Background and aims Cardiovascular compromise is associated with poor outcome in the preterm neonate, with gestational age and male sex as independent risk factors for hypotension, developmental injury and death. Recent work has highlighted the microvasculature as important in the development of cardiovascular compromise in the preterm. We aimed to further characterise microvascular changes that occur in the preterm newborn, identify potential windows for therapeutic intervention and explore the mechanisms underlying this dysfunction.
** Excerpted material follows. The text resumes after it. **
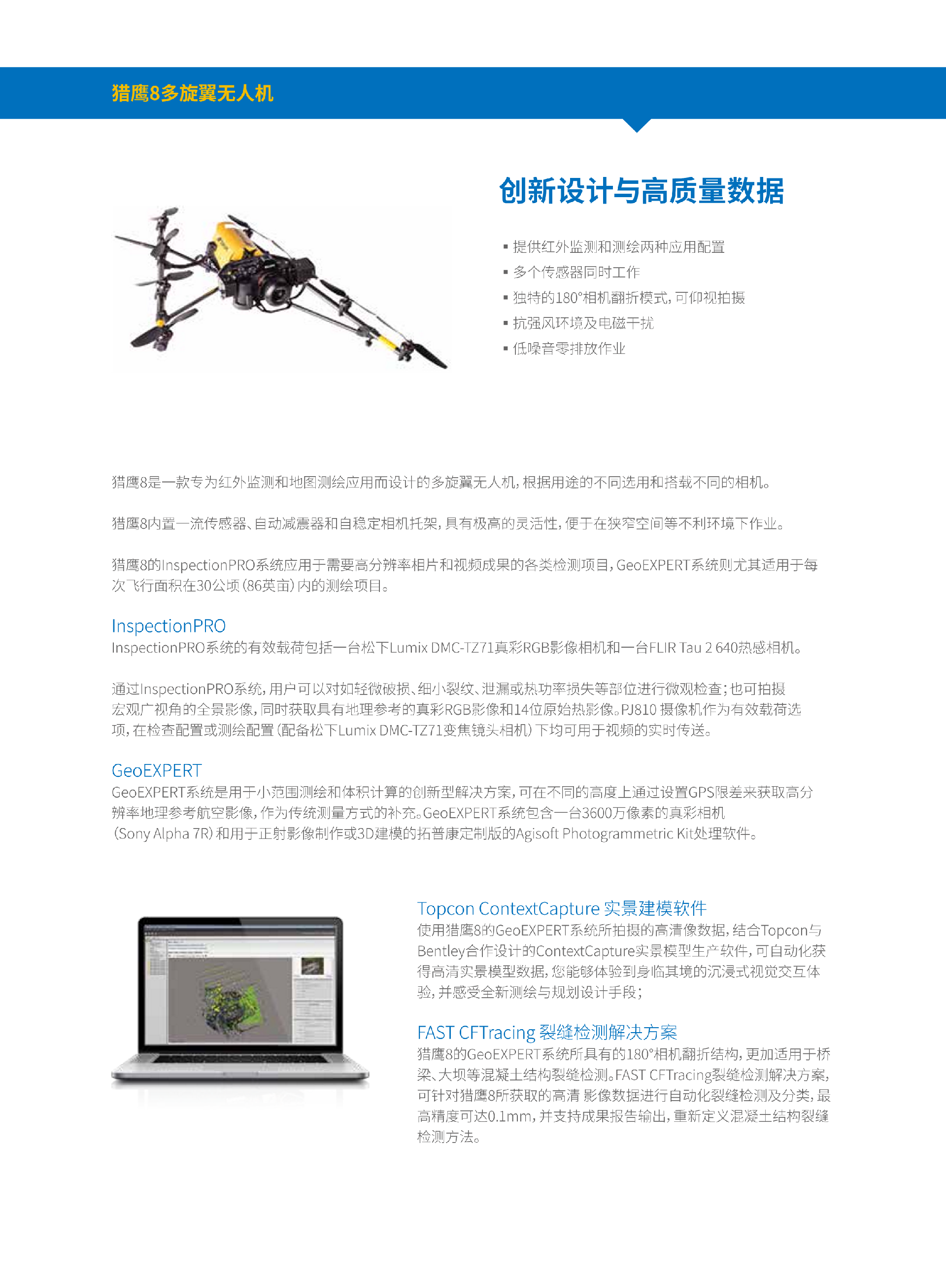●稳:内置多达 31 种传感器,三倍冗余备份,可抗七级风速。●准:可翻折高倍变焦相机全方位工作,实时远距离修改相机拍摄参数?!窨欤?6 米 / 秒飞行速度,10 米 / 秒爬升速度●精:配合结构物检测软件自动分析提取0.1mm裂缝
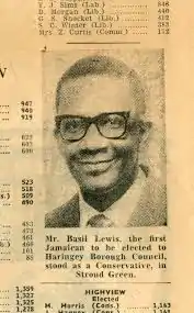 Basil Lewis OBE (1927-2020) was a British community leader, politician and businessman. He was the first black councillor elected in the London Borough of Haringey and one of the first black councillors elected anywhere in the United Kingdom.[2][3]

Methods Preterm neonates were studied during circulatory transition. Microvascular blood flow was characterised over time by laser Doppler. We developed a guinea pig model for studying the mechanisms underlying regulation of blood flow (delivery at GA62/71) and also undertook studies in the preterm piglet.
Results We observed significantly different patterns of microvascular tone regulation between male and female human (p = 0.01) and guinea pig (p = 0.01) neonates. Overproduction of vasodilators (carbon monoxide r = 0.495; p < 0.001; hydrogen sulphide r = 0.37, p = 0.0004), and decreased sympathetic nervous activity (r = 0.424, p = 0.025) was associated with increased microvascular flow. We were additionally able to characterise aspects of this physiology in the preterm piglet.
Conclusions We propose a paradigm shift whereby inherent physiological differences between the preterm and term, and male and female, lead to inappropriate dilatation of the microvasculature, insufficient preload to the struggling myocardium and functional hypovolaemia, thus resulting in central hypotension and cardiovascular compromise. We now have evidence of many of the mechanisms underlying this dysregulation and propose future research be directed at interventional opportunities.